--- Given material Enclosed Below ---

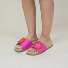 Step into effortless style with Zoya, a slide designed on the signature Naked Arches footbed for all-day comfort. The standout feature is its beaded circular buckle, adding a touch of elegance to the fresh, vibrant upper. Versatile yet eye-catching, Zoya is the perfect blend of design and everyday wearability, making it a true summer statement piece.
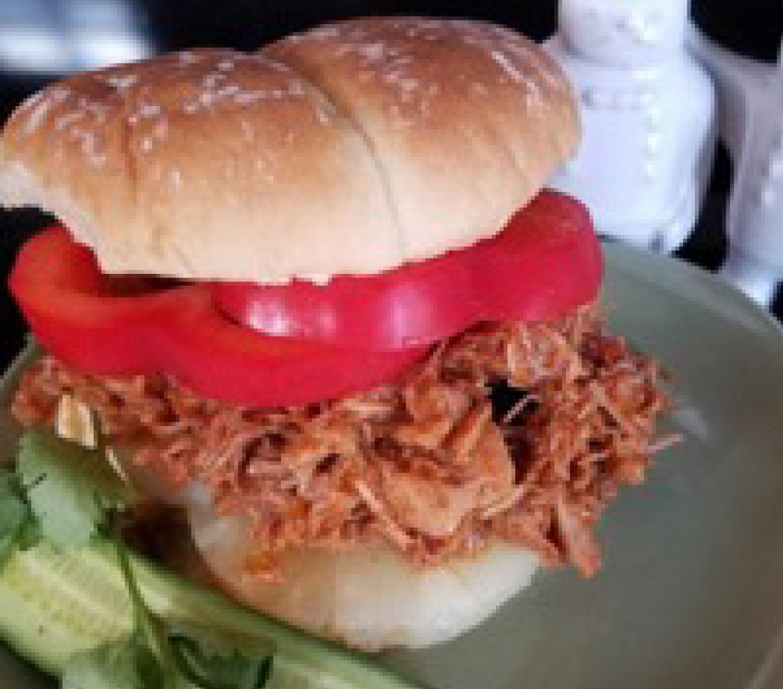 Rub pork roast with Oh! So Garlic and Sunset Seasoned Salt, then place in slow cooker. Top roast with 1 cup apple sauce, 1 cup Peaches, Pineapple & Peppers Grilling Sauce (reserve the 2 remaining cups for later) and 1 cup Sunset Gourmet’s Smoky Sweet Grilling Sauce. Cover and cook on low for 8-10 hours or until cooked thoroughly.
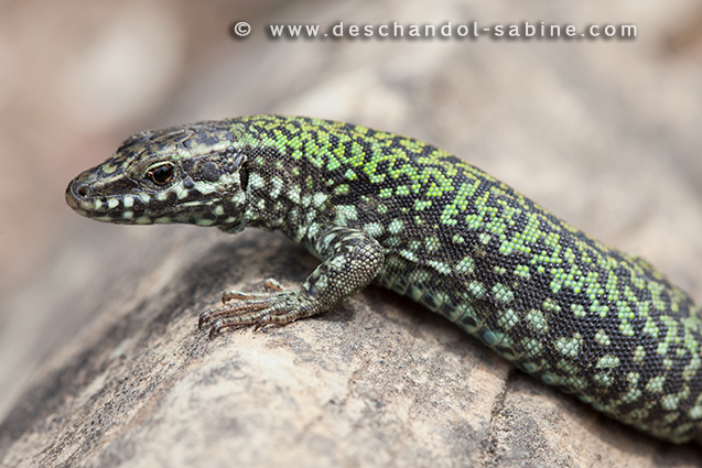 : Lézard des murailles (Podarcis muralis nigriventris), femelle, Rapallo, Italie.

--- End of Enclosed Given material ---

**What needs to be done:**
Once more, give the listing above exactly, leaving each picture out.

**Result:**
 Step into effortless style with Zoya, a slide designed on the signature Naked Arches footbed for all-day comfort. The standout feature is its beaded circular buckle, adding a touch of elegance to the fresh, vibrant upper. Versatile yet eye-catching, Zoya is the perfect blend of design and everyday wearability, making it a true summer statement piece.
 Rub pork roast with Oh! So Garlic and Sunset Seasoned Salt, then place in slow cooker. Top roast with 1 cup apple sauce, 1 cup Peaches, Pineapple & Peppers Grilling Sauce (reserve the 2 remaining cups for later) and 1 cup Sunset Gourmet’s Smoky Sweet Grilling Sauce. Cover and cook on low for 8-10 hours or until cooked thoroughly.
 : Lézard des murailles (Podarcis muralis nigriventris), femelle, Rapallo, Italie.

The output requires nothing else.